The strongest language we use, ever: "could not be located in CourtListener — please verify before filing." We never claim a citation is fake, hallucinated, or non-existent — only that we couldn't locate it. CourtListener does not include every state opinion, recent unpublished disposition, or sealed matter.
Bluebook table validators
Pure code, no LLM. The five validators run against the parsed citation components:
- T6 — case-name word abbreviations (must abbreviate "Corporation" → "Corp.", "Education" → "Educ.", etc.; rule 10.2.1(c) skips the first word of each party).
- Reporter currency — reporter year coverage (catches "100 F.3d 200 (2022)" — F.3d ended in 2021).
- Court parenthetical — flags missing or malformed designators ("2nd Cir." → "2d Cir.", "DC Cir." → "D.C. Cir.").
- T10 — geographical abbreviations ("Calif." → "Cal.", "Penn." → "Pa.").
- T13 — periodical abbreviations (long-form law-review names → canonical Bluebook abbrev).
Each validator emits zero or more flags with severity, rule pin-cite, table pin-cite, and a ready-to-paste suggested fix.
Cross-citation judgment
Runs once per document with the entire classified citation list in view (no document body — just the structured metadata). Sonnet checks for things one citation at a time can't catch:
- Signal ordering and authority weight in string cites (R. 1.3 / R. 1.4)
- Short-form propriety: id., supra, case short forms (R. 4 / R. 10.9)
- Id. chain integrity across footnote breaks (R. 4.1)
- Parenthetical placement and ordering (R. 1.5 / R. 10.6)
Output generation
Two artifacts, written to private storage with signed download URLs:
- Form-check report (.docx) — header, summary tier counts, per-citation findings, aggregate findings by category, corrective-action checklist, drafting sign-off block, full per-citation Appendix A, and a rule-map log Appendix B. Mirrors the protocol's report template structure exactly.
- Marked source — your original .docx file with tracked changes and Word comments. Each comment carries the rule pin-cite plus a plain-language explanation, plus the suggested fix when one is available.
What we never claim
- That a citation is fake, hallucinated, fictitious, incorrect, or wrong.

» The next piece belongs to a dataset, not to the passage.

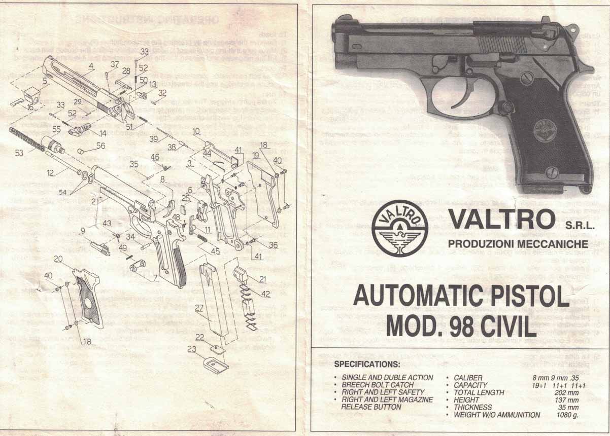 we carry a large stock of replacement parts for the VALTRO blank gun model 98 CIVIL. Please let us know the required parts by using the drawing or parts-list.

- That this report substitutes for the drafting attorney's own substantive review.
- That CourtListener is a complete index of U.S. case law (it isn't).
Privacy & privilege
- By default, no citation text is persisted to our database — only a SHA-256 hash. Opt in to "retain text" if you want full strings in your run history.
- The uploaded source file is deleted from storage after the pipeline finishes. Only the marked source and the form-check report are kept, in a private bucket scoped to your user.
- Pass 4 sees only metadata — citation type, components, page, footnote number — never the document body.
- Disclaimer acceptances are recorded with hashed IP + UA, never raw values.